#### [Information supplied]
-=-=-=-=-
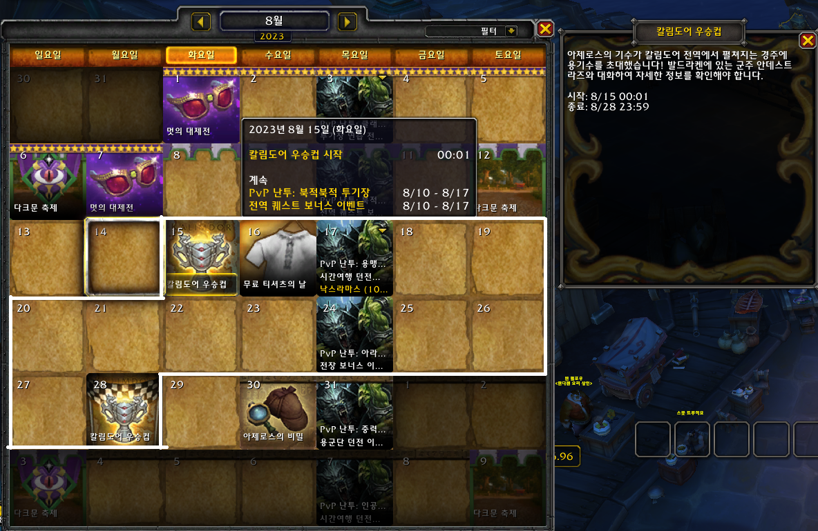 10.1.5에서 추가된 칼림도어 용경주 이벤트인 칼림도어 우승컵을 8월 15일 0시 1분부터 할 수 있습니다! 이 이벤트는 8월 29일 오후 11시 59분까지 진행됩니다.
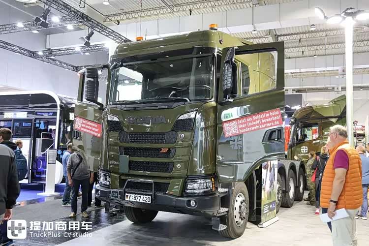 展馆里面有一个专门展示军车改装的,带来一个奔驰和一个斯堪尼亚的军车展示,这个斯堪尼亚8x6大件运输车就是他们专门改装给某国军方用来拉坦克用的。
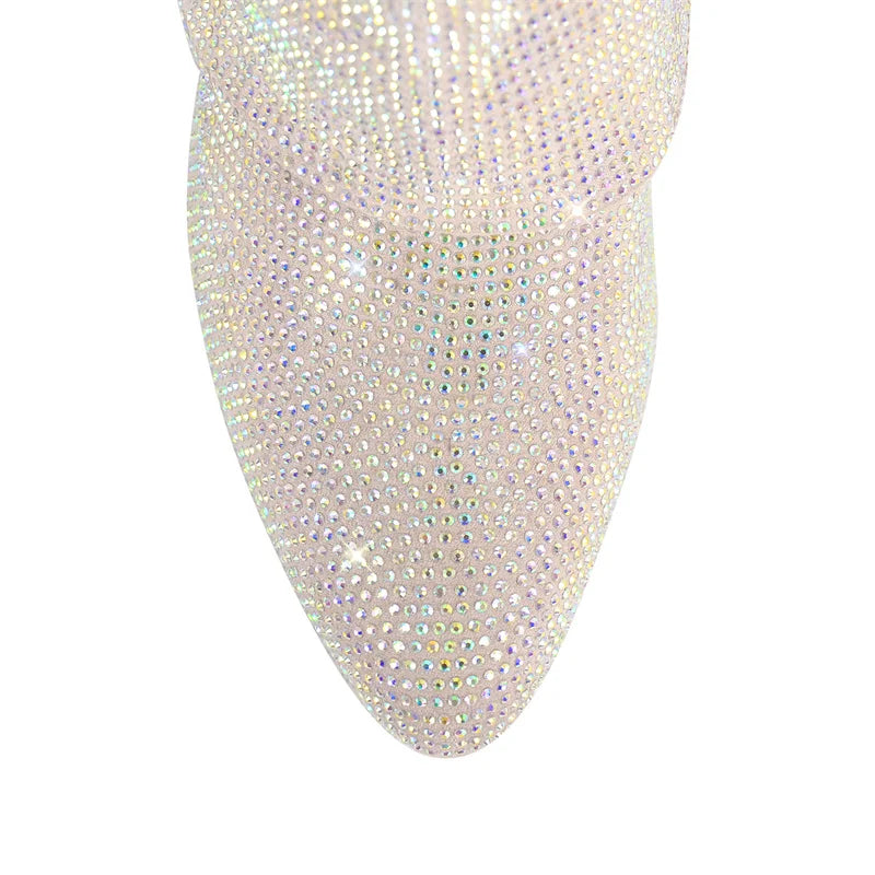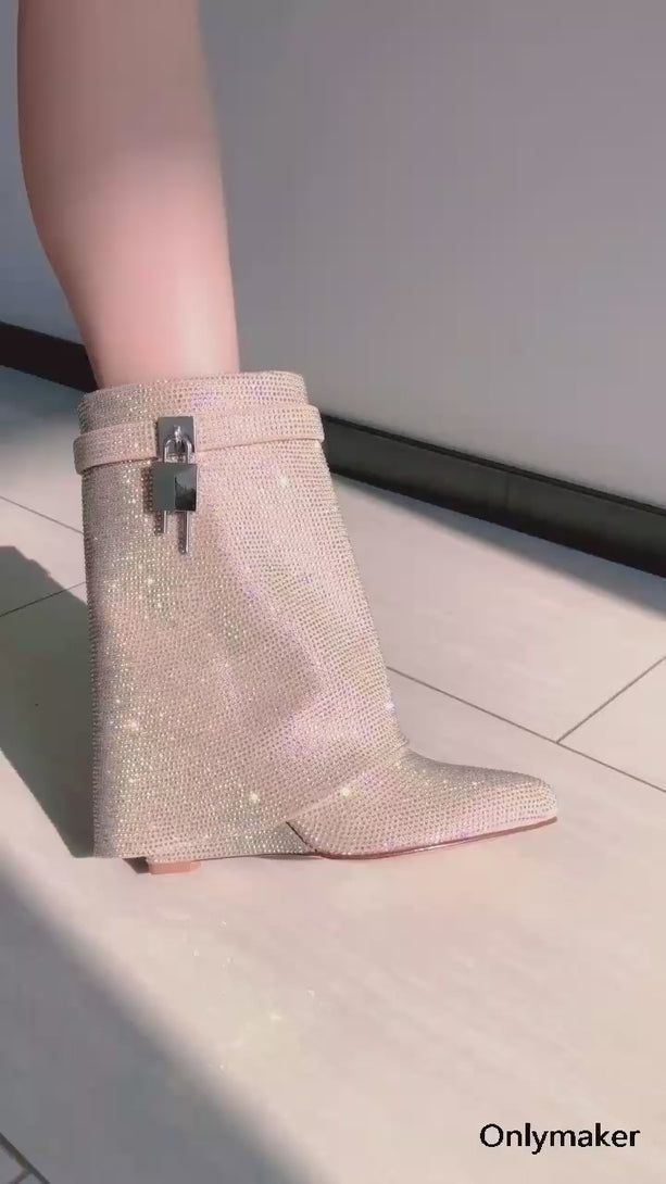 Women Rhinestone Fold Over Lock Shark Skirt Boots Pointed Toe Heel Thick High Heel Female Booties
-=-=-=-=-
#### [Required action]
In the data above, the line containing "展馆里面有一个专门展示军车改" and all lines after it are to be reproduced exactly, leaving out the pictures.

#### [The answer]
 展馆里面有一个专门展示军车改装的,带来一个奔驰和一个斯堪尼亚的军车展示,这个斯堪尼亚8x6大件运输车就是他们专门改装给某国军方用来拉坦克用的。
 Women Rhinestone Fold Over Lock Shark Skirt Boots Pointed Toe Heel Thick High Heel Female Booties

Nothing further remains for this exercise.